# To be an arsonist of souls (an introduction)



## Raevenlord (Feb 13, 2017)

Hello, guys (and girls). First post here, by someone who hopes will be a good fit for the community (and for whom the community will be a good fit for). 

I'm Raevenlord (proper acquaintance will take a little more than this first post). But to give you all a little feedback, I'm 24 years old, and I'm Portuguese. Like everyone around here, I guess, I was brought by my writing, and my willingness to grow and expand my writing ability through the nurturing and guidance of a community driven by the same purpose as me: to better myself. 
I hope to learn mainly from constructive criticism being leveraged at what I write: I know I'm certainly not perfect, and my current 'beta reading' group isn't that much of a critic. I need someone to really point the flaws and areas of improvement for my writing, to give me constructive, well thought-out diatribes on what is probably holding my work back. I love to see positive remarks about my work, naturally, but even those I'd like to see more developed than the usual 'very good, very well written, I loved it'. Otherwise I could spend an entire lifetime thinking I'm The Best Writer Ever™ with appraisals like that, beating myself up at the editorial system and the difficulty in being published... While my work could, in reality, simply not be Good Enough. This is what I'm fighting right now, even though I do think (I'm sure of it) I have quality to my writing. That said, I've recently become news editor for a technology site, and I've definitely seen how having some sort of editorial, well-structured approach to editing my work can be beneficial, and that is mostly why I am here. 
I also (naturally) hope to learn by reading criticisms that have already been leveraged here, and by offering my own inputs when I can and have something relevant to say. 

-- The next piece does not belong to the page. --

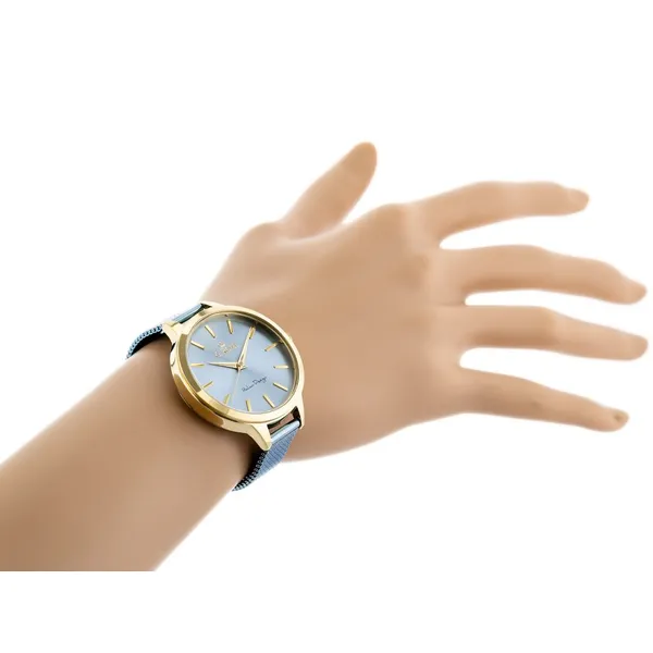 • Világoskék számlap arany színű indexekkel

Moving on from the points above... I write in both English and Portuguese; I've written a full-sized novel in Portuguese and a respectable collection of short stories, written in either English or Portuguese, as the inspiration strikes me. I tend to write in either prose or free-form, free rhyme poetry (with my poetry writing style being inspired mainly by spoken word). 

This covers the Short Introduction™, I hope, but I feel like sparking my first question (though I admit it's probably best if I create a thread for that): should I even be writing in another language other than Portuguese? What do you guys think? 

Thank you very much for reading, and I really hope I can become a part of the community, supporting and being supported by it. 

Best regards, 

Raevenlord


Sent from my Redmi Note 3 using Tapatalk


----------



## bdcharles (Feb 13, 2017)

You had me at "arsonist of souls" buddy 

Welcome by the way. Us with the purple nametags there are mentors so we offer critique and whatever writing tips we can google dream up. Of course anyone can do that but we are proper little grammar nerds, pedants of the written style and whatnot ever else about it hehe. Oh, and beating yourself up is good - it means you have punitively high standards 

Looking forward to reading your stuff. In which genres (if any) do you primarily write?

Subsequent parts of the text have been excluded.